Executed in a Jupyter notebook, using the Apache Toree kernel and declarative widgets.
Graphs rendered with Sigma/Linkurious, wrapped in a Polymer component.
In [1]:
%AddDeps org.apache.spark spark-mllib_2.10 1.6.2 --repository file:/Users/tmo/.m2/repository
%AddDeps org.scalanlp breeze_2.10 0.11.2 --transitive
%AddDeps org.scalanlp breeze-natives_2.10 0.11.2
%AddDeps org.scalanlp breeze-macros_2.10 0.11.2
%AddDeps com.github.haifengl smile-core 1.2.0 --transitive
%AddDeps com.github.karlhigley spark-neighbors_2.10 0.3.6-FORK --repository file:/Users/tmo/.m2/repository
%AddDeps io.reactivex rxscala_2.10 0.26.1 --transitive --repository file:/Users/tmo/.m2/repository
%AddDeps com.softwaremill.quicklens quicklens_2.10 1.4.4 --repository file:/Users/tmo/.m2/repository
%AddDeps org.tmoerman plongeur-spark_2.10 0.3.51 --repository file:/Users/tmo/.m2/repository
In [2]:
%addjar http://localhost:8888/nbextensions/declarativewidgets/declarativewidgets.jar
In [3]:
import rx.lang.scala.{Observer, Subscription, Observable}
import rx.lang.scala.subjects.PublishSubject
import rx.lang.scala.subjects._
import org.apache.commons.lang.StringUtils.trim
import org.apache.spark.SparkContext
import org.apache.spark.mllib.linalg.Vectors.dense
import org.apache.spark.rdd.RDD
import org.joda.time.DateTime
import org.tmoerman.plongeur.tda.TDAMachine
import org.tmoerman.plongeur.tda.Distances._
import org.tmoerman.plongeur.tda.Model._
import org.tmoerman.plongeur.tda.Filters._
import org.tmoerman.plongeur.tda.cluster.Clustering._
import org.tmoerman.plongeur.tda.cluster.Scale._
import org.tmoerman.plongeur.tda.Colour._
import org.tmoerman.plongeur.tda.Brewer
import org.tmoerman.plongeur.tda.LSH.LSHParams
import org.tmoerman.plongeur.tda.Model.{DataPoint, TDAContext, dp}
import org.tmoerman.plongeur.tda.knn.FastKNN.FastKNNParams
import org.tmoerman.plongeur.tda.knn.SampledKNN.SampledKNNParams
import org.tmoerman.plongeur.tda.knn.{FastKNN, SampledKNN, _}
import org.tmoerman.plongeur.util.RDDFunctions._
import org.tmoerman.plongeur.util.TimeUtils.time
import org.tmoerman.plongeur.tda.geometry.Laplacian._
import breeze.stats.distributions._
import org.apache.spark.mllib.linalg.SparseMatrix
In [4]:
import declarativewidgets._
initWidgets
import declarativewidgets.WidgetChannels.channel
In [5]:
import java.util.concurrent.atomic.AtomicReference
case class SubRef(val ref: AtomicReference[Option[Subscription]] = new AtomicReference[Option[Subscription]](None)) extends Serializable {
def update(sub: Subscription): Unit = ref.getAndSet(Option(sub)).foreach(old => old.unsubscribe())

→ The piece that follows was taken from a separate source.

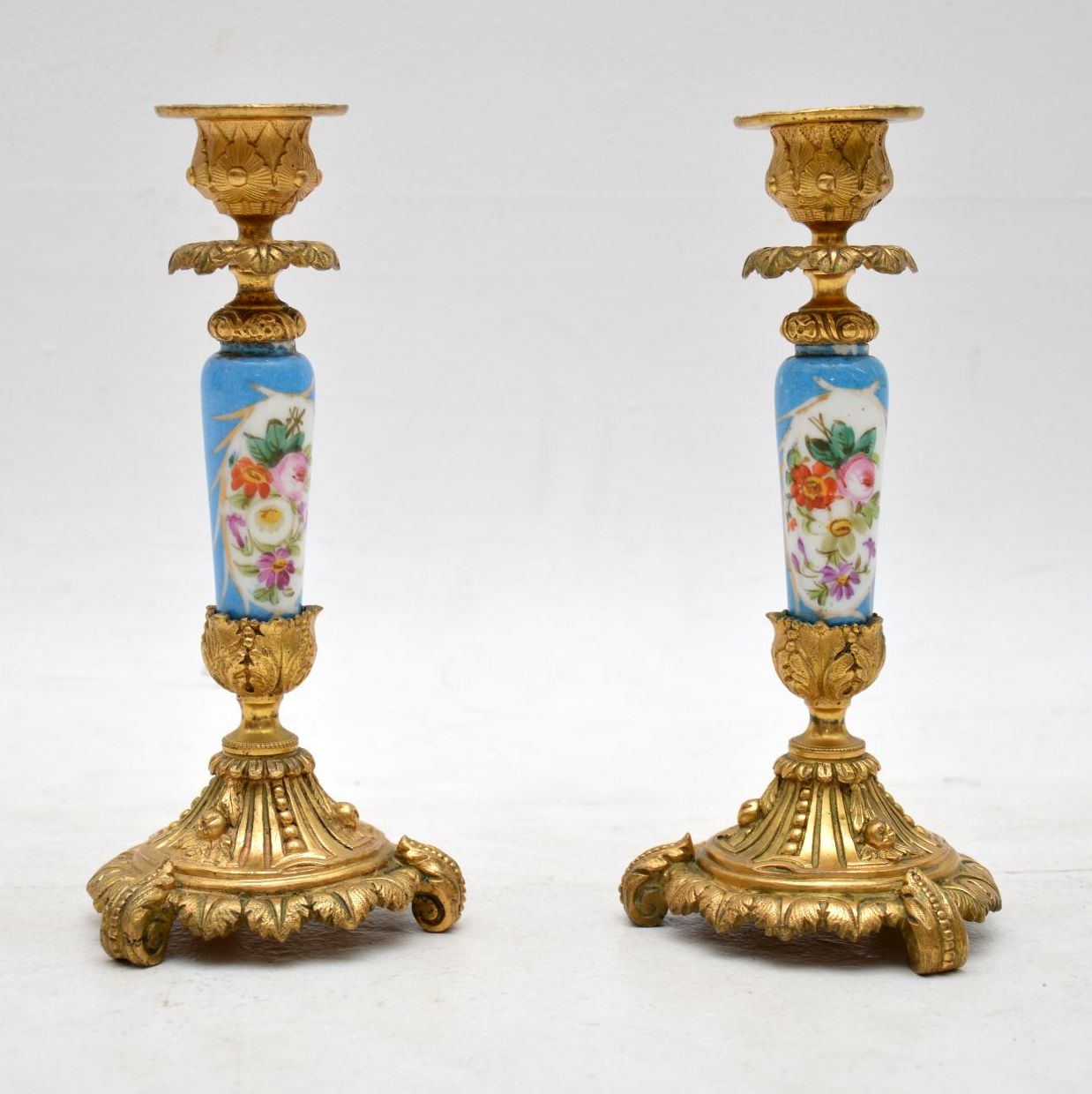 Pair of Antique French Sevres Porcelain & Ormolu Candlesticks (1 of 1)

def reset(): Unit = update(null)
}
In [6]:
%%html
<link rel='import' href='urth_components/paper-slider/paper-slider.html'
is='urth-core-import' package='PolymerElements/paper-slider'>
<link rel='import' href='urth_components/paper-button/paper-button.html'
is='urth-core-import' package='PolymerElements/paper-button'>
<link rel='import' href='urth_components/plongeur-graph/plongeur-graph.html'
is='urth-core-import' package='tmoerman/plongeur-graph'>
<link rel='import' href='urth_components/urth-viz-scatter/urth-viz-scatter.html' is='urth-core-import'>
Out[6]:
Keep references to Rx subscriptions apart.
In [7]:
val in$_subRef = SubRef()
Instantiate a PublishSubject. This stream of TDAParams instances represents the input of a TDAMachine. The PublishSubject listens to changes and sets these to the channel "ch_TDA_1" under the "params" key.
TODO: unsubscribe previous on re-evaluation
In [8]:
val in$ = PublishSubject[TDAParams]
in$_subRef.update(in$.subscribe(p => channel("ch_TDA_1").set("params", p.toString)))
Create an initial TDAParams instance. In the same cell, we submit the instance to the PublishSubject.
For the sake of illustration, we create an html snippet that listens to changes on the "ch_TDA_1" channel and displays the value of the "params" key.
In [9]:
%%html
<template is='urth-core-bind' channel='ch_TDA_1'>
<div style='background: #FFB; padding: 10px;'>
<span style='font-family: "Courier"'>[[params]]</span>
</div>
</template>
Out[9]:
Notice that when we evaluate the TDAParams instantiation cells, the output of the yellow box changes.
In [10]:
import org.apache.spark.rdd.RDD
import org.apache.commons.lang.StringUtils.trim
import org.apache.spark.mllib.linalg.Vectors.dense
def readMixture(file: String): RDD[DataPoint] = {
sc
.textFile(file)
.zipWithIndex
.map{ case (line, idx) =>
val columns = line.split(",").map(trim)
val category = columns.head
val features = columns.tail.map(_.toDouble)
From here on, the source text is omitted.